Normal force (N): The normal force acts perpendicular to the incline and opposes the vertical component of the weight. It can be calculated as N = mg cos(θ), where θ is the angle of the incline. In this case, θ = 30º, so N = 2 kg × 9.8 m/s² × cos(30º) = 16.96 N.
Frictional force (f): The frictional force acts parallel to the incline and opposes the motion. It can be calculated as f = μN, where μ is the coefficient of friction. In this case, μ = 0.3, so f = 0.3 × 16.96 N = 5.088 N.
Component of weight parallel to the incline (W_parallel): This component contributes to the acceleration of the block along the incline and can be calculated as W_parallel = mg sin(θ). In this case, W_parallel = 2 kg × 9.8 m/s² × sin(30º) = 9.8 N.
Now, let's address the questions:
a) How long does the block move up the plane?
To determine the time taken, we need to calculate the acceleration along the incline. The net force acting on the block along the incline can be found by subtracting the frictional force from the component of weight parallel to the incline:
Net force (F_net) = W_parallel - f = 9.8 N - 5.088 N = 4.712 N.

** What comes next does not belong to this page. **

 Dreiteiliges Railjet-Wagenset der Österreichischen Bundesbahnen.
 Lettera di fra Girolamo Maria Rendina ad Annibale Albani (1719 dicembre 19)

Using Newton's second law of motion (F = ma), we can find the acceleration (a) of the block:
F_net = ma, 4.712 N = 2 kg × a, a = 2.356 m/s².

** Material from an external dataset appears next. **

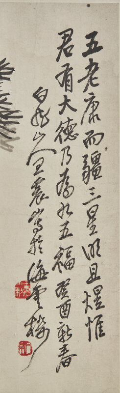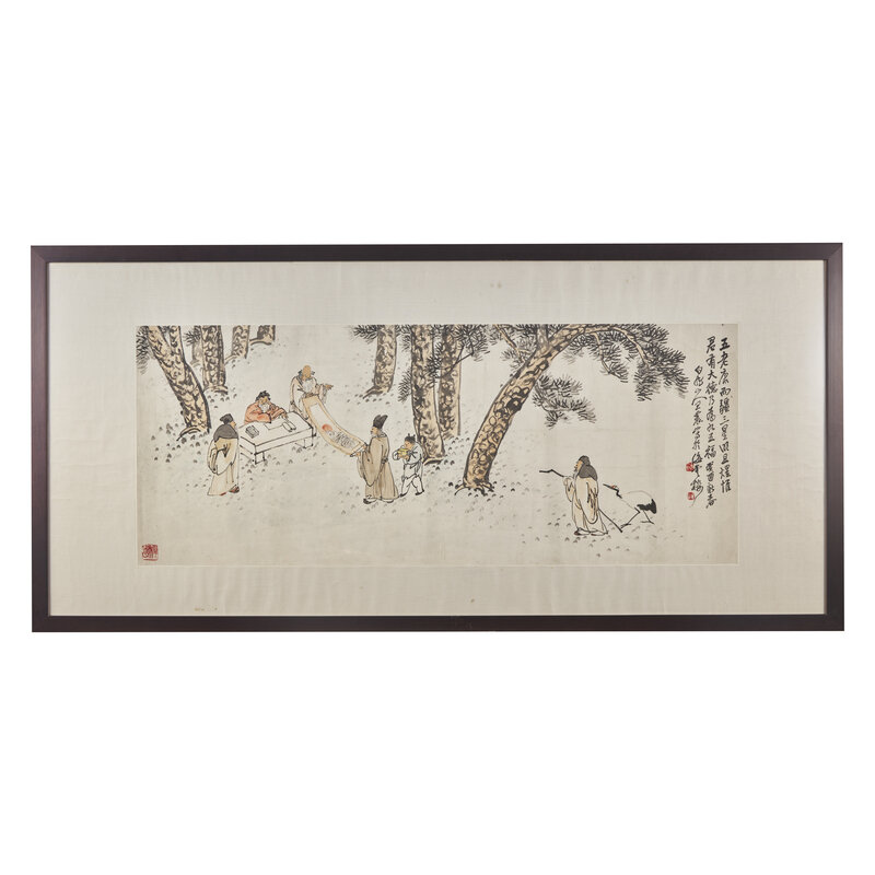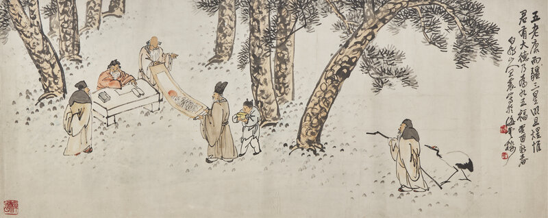 款識:五老康而疆,三星明且煜。惟君有大德,乃為九五福。癸酉(1933)新春白龍山人王震寫於海雲樓。

Next, we can use the kinematic equation to find the time (t) taken to move up the plane:
v = u + at, 0 = 22 m/s + (-2.356 m/s²) × t, t = 22 m/s / 2.356 m/s² = 9.34 s.
Therefore, the block moves up the plane for approximately 9.34 seconds.

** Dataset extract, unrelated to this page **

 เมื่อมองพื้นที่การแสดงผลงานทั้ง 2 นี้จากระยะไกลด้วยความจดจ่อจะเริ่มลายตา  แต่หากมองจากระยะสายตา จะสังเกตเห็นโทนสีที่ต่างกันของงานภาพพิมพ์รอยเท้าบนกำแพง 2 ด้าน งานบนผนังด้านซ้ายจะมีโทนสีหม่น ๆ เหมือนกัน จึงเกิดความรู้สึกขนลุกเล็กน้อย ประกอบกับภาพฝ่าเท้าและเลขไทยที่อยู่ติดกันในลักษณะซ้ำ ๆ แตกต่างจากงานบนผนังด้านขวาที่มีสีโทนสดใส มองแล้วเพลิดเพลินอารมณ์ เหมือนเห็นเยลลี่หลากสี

b) How far does the block move up the plane?
To determine the distance traveled up the plane, we can use the kinematic equation:
s = ut + (1/2)at²,
where s is the distance, u is the initial velocity, t is the time, and a is the acceleration.
Plugging in the given values:
s = (22 m/s) × (9.34 s) + (1/2) × (-2.356 m/s²) × (9.34 s)²,
s = 205.48 m + (-103.49 m) = 101.99 m.
Therefore, the block moves approximately 101.99 meters up the incline.